The degree-based topological indices can be computed by using the degrees of end vertices of the coordination nanosheet. We denote it by $C\left[m,n\right]$, where $m$ denotes the number of hexagons in each row and $n$ denotes the number of hexagons in each column. Chemical graph of $C\left[m,n\right]$ has successive columns of hexagons (${\mathrm{C}}_6$) and triangles (${\mathrm{C}}_3$). We partition the edges of the graph according to the degrees of the end vertices. All vertices having degrees according to edges connected with the respective vertex are computed as 2, 3, and 4. Here we have five different types of edges whose end vertices have a degree (2,2), (2,3), (3,3), (3,4), and (4,4), symbolically denoted by $E_{\left(2,2\right)}$, $E_{\left(2,3\right)}$, $E_{\left(3,3\right)}$, $E_{\left(3,4\right)}$ and $E_{\left(4,4\right)}$, respectively.
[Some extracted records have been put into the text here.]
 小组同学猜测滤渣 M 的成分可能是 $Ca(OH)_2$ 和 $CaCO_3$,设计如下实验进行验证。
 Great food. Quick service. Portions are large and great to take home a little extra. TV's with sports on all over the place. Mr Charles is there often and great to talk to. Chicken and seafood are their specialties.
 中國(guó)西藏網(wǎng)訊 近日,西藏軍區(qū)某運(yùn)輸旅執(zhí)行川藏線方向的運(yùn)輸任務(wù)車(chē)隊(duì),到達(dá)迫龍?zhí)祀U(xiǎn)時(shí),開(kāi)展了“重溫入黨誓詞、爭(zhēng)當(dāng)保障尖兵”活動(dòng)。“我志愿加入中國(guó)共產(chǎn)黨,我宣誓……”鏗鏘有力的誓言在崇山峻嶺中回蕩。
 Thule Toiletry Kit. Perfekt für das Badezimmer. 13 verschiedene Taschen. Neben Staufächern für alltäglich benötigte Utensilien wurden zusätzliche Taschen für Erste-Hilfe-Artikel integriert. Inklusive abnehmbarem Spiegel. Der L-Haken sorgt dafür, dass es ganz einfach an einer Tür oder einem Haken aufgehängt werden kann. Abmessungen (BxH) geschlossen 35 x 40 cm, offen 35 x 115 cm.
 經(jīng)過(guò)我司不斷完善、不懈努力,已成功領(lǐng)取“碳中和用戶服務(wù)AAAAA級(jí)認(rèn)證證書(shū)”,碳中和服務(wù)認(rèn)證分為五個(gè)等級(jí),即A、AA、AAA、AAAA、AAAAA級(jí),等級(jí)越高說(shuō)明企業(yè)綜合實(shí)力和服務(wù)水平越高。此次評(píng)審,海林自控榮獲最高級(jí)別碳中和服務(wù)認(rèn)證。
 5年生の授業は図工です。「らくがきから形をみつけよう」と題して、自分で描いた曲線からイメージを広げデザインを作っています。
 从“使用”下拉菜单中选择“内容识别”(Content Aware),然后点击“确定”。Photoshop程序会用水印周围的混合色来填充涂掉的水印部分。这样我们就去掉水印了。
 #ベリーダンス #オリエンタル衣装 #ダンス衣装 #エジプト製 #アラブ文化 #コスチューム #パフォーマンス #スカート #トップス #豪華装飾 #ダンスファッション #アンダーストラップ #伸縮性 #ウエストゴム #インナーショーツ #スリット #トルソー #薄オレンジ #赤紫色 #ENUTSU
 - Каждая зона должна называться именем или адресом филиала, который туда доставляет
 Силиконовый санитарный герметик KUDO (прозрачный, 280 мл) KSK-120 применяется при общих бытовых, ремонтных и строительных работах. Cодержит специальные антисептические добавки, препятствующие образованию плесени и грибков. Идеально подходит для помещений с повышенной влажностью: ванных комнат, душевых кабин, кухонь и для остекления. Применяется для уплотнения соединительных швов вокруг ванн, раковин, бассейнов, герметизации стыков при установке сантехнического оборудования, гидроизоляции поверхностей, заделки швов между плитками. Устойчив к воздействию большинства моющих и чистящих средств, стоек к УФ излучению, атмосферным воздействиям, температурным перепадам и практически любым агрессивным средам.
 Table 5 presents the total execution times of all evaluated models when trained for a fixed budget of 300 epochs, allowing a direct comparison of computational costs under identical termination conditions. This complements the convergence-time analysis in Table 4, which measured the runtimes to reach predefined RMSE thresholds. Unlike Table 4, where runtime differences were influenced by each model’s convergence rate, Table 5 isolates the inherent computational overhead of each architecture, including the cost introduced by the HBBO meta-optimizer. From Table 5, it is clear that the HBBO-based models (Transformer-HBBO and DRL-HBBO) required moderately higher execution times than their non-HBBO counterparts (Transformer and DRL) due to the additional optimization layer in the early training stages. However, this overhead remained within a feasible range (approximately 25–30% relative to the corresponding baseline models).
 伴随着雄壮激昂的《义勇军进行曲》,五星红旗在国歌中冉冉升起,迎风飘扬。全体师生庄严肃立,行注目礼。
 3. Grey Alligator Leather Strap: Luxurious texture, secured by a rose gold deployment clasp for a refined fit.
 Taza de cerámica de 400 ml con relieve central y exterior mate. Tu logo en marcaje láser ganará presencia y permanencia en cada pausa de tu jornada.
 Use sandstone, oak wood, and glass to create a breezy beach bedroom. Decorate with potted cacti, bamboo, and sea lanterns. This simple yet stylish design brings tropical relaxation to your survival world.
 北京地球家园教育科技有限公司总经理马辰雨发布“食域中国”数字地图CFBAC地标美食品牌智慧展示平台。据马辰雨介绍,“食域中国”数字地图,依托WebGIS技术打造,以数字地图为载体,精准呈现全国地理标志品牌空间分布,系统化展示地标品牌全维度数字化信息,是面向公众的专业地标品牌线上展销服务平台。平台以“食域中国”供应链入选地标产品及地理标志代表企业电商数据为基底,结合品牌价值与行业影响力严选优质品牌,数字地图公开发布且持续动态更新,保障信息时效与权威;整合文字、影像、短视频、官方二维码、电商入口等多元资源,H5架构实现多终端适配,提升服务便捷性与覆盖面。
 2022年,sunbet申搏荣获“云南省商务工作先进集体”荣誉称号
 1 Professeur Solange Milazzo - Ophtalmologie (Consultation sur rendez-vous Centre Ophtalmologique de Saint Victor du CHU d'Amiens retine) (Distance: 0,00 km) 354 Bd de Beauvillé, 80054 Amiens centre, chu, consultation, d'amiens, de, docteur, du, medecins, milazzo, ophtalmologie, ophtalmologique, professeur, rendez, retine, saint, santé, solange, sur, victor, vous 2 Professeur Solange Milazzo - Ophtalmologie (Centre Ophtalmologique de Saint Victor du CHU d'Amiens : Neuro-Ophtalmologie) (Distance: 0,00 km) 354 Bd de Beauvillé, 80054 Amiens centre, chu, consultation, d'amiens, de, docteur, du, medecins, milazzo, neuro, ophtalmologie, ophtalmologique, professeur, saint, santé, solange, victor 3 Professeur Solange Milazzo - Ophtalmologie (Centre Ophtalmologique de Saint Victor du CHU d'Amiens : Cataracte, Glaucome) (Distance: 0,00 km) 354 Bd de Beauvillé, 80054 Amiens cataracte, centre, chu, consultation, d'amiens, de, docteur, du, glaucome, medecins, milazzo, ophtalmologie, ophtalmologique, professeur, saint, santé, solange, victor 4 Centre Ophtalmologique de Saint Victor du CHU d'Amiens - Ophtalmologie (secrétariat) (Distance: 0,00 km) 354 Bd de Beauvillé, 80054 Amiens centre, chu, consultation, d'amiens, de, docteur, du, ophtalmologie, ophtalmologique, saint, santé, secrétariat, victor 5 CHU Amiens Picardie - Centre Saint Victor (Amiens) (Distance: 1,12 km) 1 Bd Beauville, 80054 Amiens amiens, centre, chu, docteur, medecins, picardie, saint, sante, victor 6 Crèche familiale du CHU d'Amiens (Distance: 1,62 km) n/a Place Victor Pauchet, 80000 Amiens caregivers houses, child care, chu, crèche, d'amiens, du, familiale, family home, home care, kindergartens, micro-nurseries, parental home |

Total number of edges computed of the type $E_{\left(2,2\right)}$, $E_{\left(2,3\right)}$, $E_{\left(3,3\right)}$, $E_{\left(3,4\right)}$ and $E_{\left(4,4\right)}$ are 4, $4n$, $4m-6$, $4m+2n-6$ and $6mn-6m-7n+7$, respectively. All of these results are summarized in

Table 1. Edge partition of coordination nanosheet $C\left[m,n\right]$.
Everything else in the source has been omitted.